Unless you are in the business of selling data or analytics software or services, you have seen a fair share of data science projects fail to achieve promised value. Notwithstanding the flood of success stories in the media, we know that disappointment in data science is far more common.
Many of us have sat through presentations with wonderful charts and convincing stories that make it look as easy as eating a pie and perhaps wondered why it does not come as easy to us to achieve the bottom line value. Is data science only good in hindsight? Is the main product the pretty slide with an impressive chart? Do you have to be Amazon or Google or Facebook to actually benefit from it?
The truth is, the deck is stacked against you before you even begin a data science initiative; there are more reasons for it to fail than to succeed, and there are many opportunities for mistakes along the way.
You know the old saying: “lies, damned lies, and statistics.” The same can be said about data science broadly. We can easily, by mistake or not, say or imply something using numbers that are not there in reality; predictive models can be good on historical data but useless in a real-world situation; data analysis can yield interesting findings that are not very actionable and practically worthless. There are many reasons why this is so pervasive, and none of the reasons are new. Statisticians have known them well for decades. The problem is that the scale of data science today magnifies the pitfalls and their impact (as it does benefits). Below are the big three from my experience.
Sampling bias
Perhaps the biggest and most overlooked pitfall is the sampling bias. For example, marketers often look at Twitter for trends around what is generating interest. But the Twitter data set is one of the most biased datasets out there to measure interest. Active Twitter users are predominately urban, young, white, and in media, entertainment, or marketing industries. Any production or advertising decision made based solely on Twitter data is bound to be extremely biased.
This is not to be critical of Twitter. In reality, any data set is biased, and we often fail to recognize this. We assume – or we just choose to believe – that our sample is a good representation of the population. For data science to work, analysts must understand the bias and factor it into the analysis rather than ignore and make poorly informed decisions and create poor models.
Correlation delusion
Another big challenge is seeing correlations between datasets and assuming that they are real. A big part of data science is about finding correlations between different things. But the hunt for correlation can lead to pretty bad conclusions. For example, when Facebook was growing fast, Greece was descending into a debt crisis fast. The correlation was pretty strong. In reality, there is no relationship between Facebook usage and Greek debt crisis, they just happened to occur at the same time. This is an obvious example, but if you have enough data sets – and the vast scope of data capture today almost guarantees that you will – you are sure to find correlations that are not real; they are just there by chance.
Implication of causality
Hand-in-hand with correlation, you have causation – another, but possibly even more damaging pitfall. Even when the correlation is real, it may not imply causation. Amazingly, many respected economists, analysts, doctors, lawyers, and journalists make this mistake. Hardly a week passes without a major, respected news outlet making this mistake in a published article. In fact, the presence of correlation combined with anecdotal evidence and intuition can present a very strong temptation to conclude causation. Such mistakes have been known to shorten lives and put innocent people behind bars.

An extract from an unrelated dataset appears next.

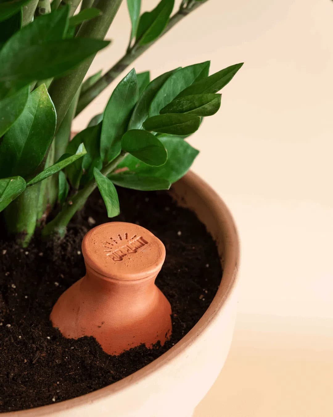 La olla de autorriego natural de 1L será perfecta para plantas grandes y huerto, manteniendo tus plantas húmedas durante días. Entierra la olla dejando únicamente el cuello visible, rellénala de agua y cierra la tapa. Gracias a la porosidad de la terracota, tus plantas absorberán solo el agua que necesitan, ahorrando hasta un 70% más de agua que con el riego convencional.

A simple example is that ice cream sales are highly correlated with drownings. This is a real correlation (summer time), not just by chance. Does that mean that ice cream is causing the drownings? Of course not.
Not all examples are this simple. As a matter of fact, proving causation is one of the most difficult tasks in data science, so we often jump to conclusions. And that is a recipe for a worthless predictive model or statistical model at best and a disaster at worst.
Perhaps you think that achieving statistical significance is enough. In reality, by most frequently used definitions of it, you will find a statistically significant but unreal result in perhaps one out of 20 times over the long term, simply by chance.
The enemy and friends
So what do we do – give up? No, we just need to understand our enemy: randomness. Randomness is there, and we can either accept it or we can ignore it and find patterns in data where there are no patterns.
Our friends in data science are the tools that help us stay true to what we are saying by challenging our own findings and assumptions. That is really what separates good data science from data voodoo. By taking the steps to understand the pitfalls that we face, we are better positioned to achieve the intended benefit of data science and make a difference, whether in selling more product or curing cancer.